One of the areas where a dealership is the most vulnerable is in used-vehicle wholesale. How can this be when selling cars and trucks is our business, and we are "on top of the market"? What creates this vulnerability? There are several possible answers, but, in my opinion, a lack of discipline is the number one reason.

We're human. So we sometimes make a mistake when trading for a used-vehicle and sometimes even with a purchase vehicle.

Is there anyone of us who haven't missed a major item sometime during an appraisal process or purchase? How we handle that mistake is the key.

For example, let's assume we missed an engine problem and find out while having the inspection completed in our service departments, it would cost $1,000 to repair. What is our next step? Well there are two options.

One, we repair the vehicle and try to retail out of our problem. (Remember though, the clock is ticking.) After three or four weeks the car is finally ready to retail. We now have 30 days to sell the vehicle. By this time everyone, especially the sales personnel, knows this vehicle is a problem. Being human, they might not want to retail the vehicle because of its history.

At this point, as a manager I know the vehicle has to go. So I offer a flat $500 commission on any deal the house accepts. Where does it stop? Our second option on this same vehicle is to wholesale it immediately after finding out that there is a problem. Sure, we most likely will have to take a loss, but how will that loss compare to the loss described above? It requires discipline.

Another area of vulnerability we often see and debate is the wholesale pack. An amount, say $150, is added to every used retail vehicle we trade for or purchase. The $150 is placed into a reserve account to offset future wholesale losses.

The concern here is twofold. One, unless you take the time to analyze the account, how do you know what your true loss or gain on wholesale is? My other concern is this: When a wholesale pack policy is instituted, human nature again takes over. When I am appraising a vehicle and I know that I will spend $350 on reconditioning and $150 for a wholesale pack, how far back do I appraise the vehicle to protect myself? Does this policy cost me retail business?

There are many other situations that make us vulnerable and contribute to wholesale losses including:

1. Having personnel not familiar with the market appraise vehicles.

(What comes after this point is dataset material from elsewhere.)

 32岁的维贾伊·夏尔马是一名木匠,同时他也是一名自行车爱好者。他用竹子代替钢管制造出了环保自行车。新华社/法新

2. Loaning used vehicles to service customers in lieu of a rental vehicle.

3. Using used vehicles (especially program vehicles) as demonstrators.

4. Buying what we "want to drive" at the auction instead of what sells quickly.

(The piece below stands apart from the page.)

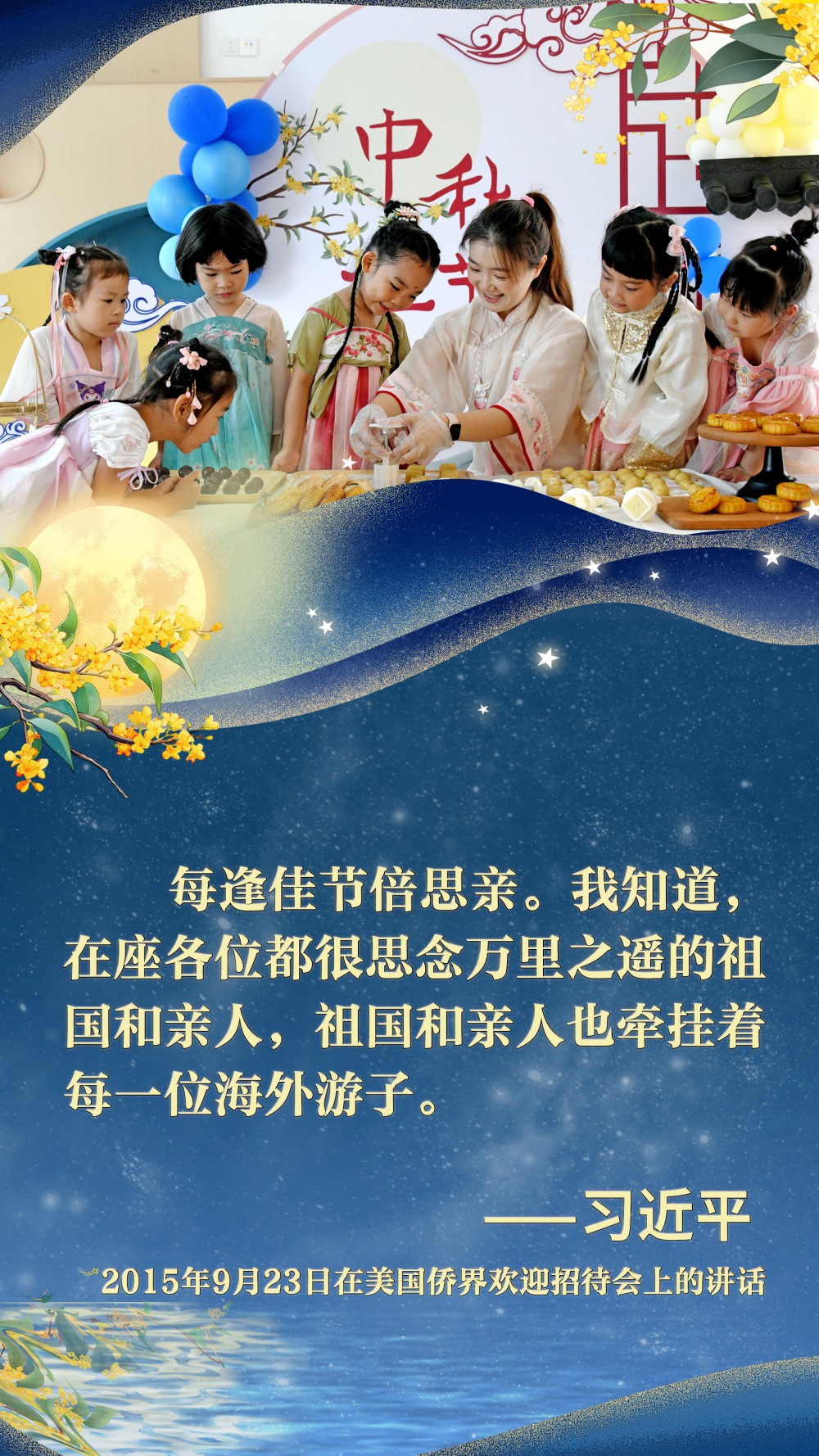 2015年9月23日,中秋佳節(jié)前夕,習(xí)近平總書(shū)記在西雅圖出席美國(guó)僑界歡迎招待會(huì)。他為參加招待會(huì)的同胞們帶去了來(lái)自家鄉(xiāng)的月餅,并熱情地“歡迎大家常回家看看”。

5. Buying too many of one vehicle line instead of buying a few, selling them quickly and then buying more, probably at a lower price.

6. Stocking our retail inventory with vehicles that don't match our franchise profile, i.e. keeping a Mercedes you trade for at a domestic franchise instead of accepting the buy bid you received when appraising it.

7. Failure to observe an aging policy.

In the NCM Used Vehicle Study highlighted in my January article we found that making a wholesale gross profit is highly dependent on a strict aging policy.

We also determined that our losses are greater on purchase vehicles than on vehicles we trade for. Based on my personal experience and many 20 Group meeting discussions, our greatest loss potential is on program vehicles.

I strongly recommend that you immediately initiate a program where a program vehicle cannot remain in inventory for more that 30 days. If you adopt this policy, as well as not buying too many at one time, not loaning them, and not using them as demonstrators, your potential for loss will be greatly reduced.

A strict discipline regarding wholesale activity coupled with a commitment and adherence to that discipline will result in the elimination of most, if not all, wholesale concerns. Good selling!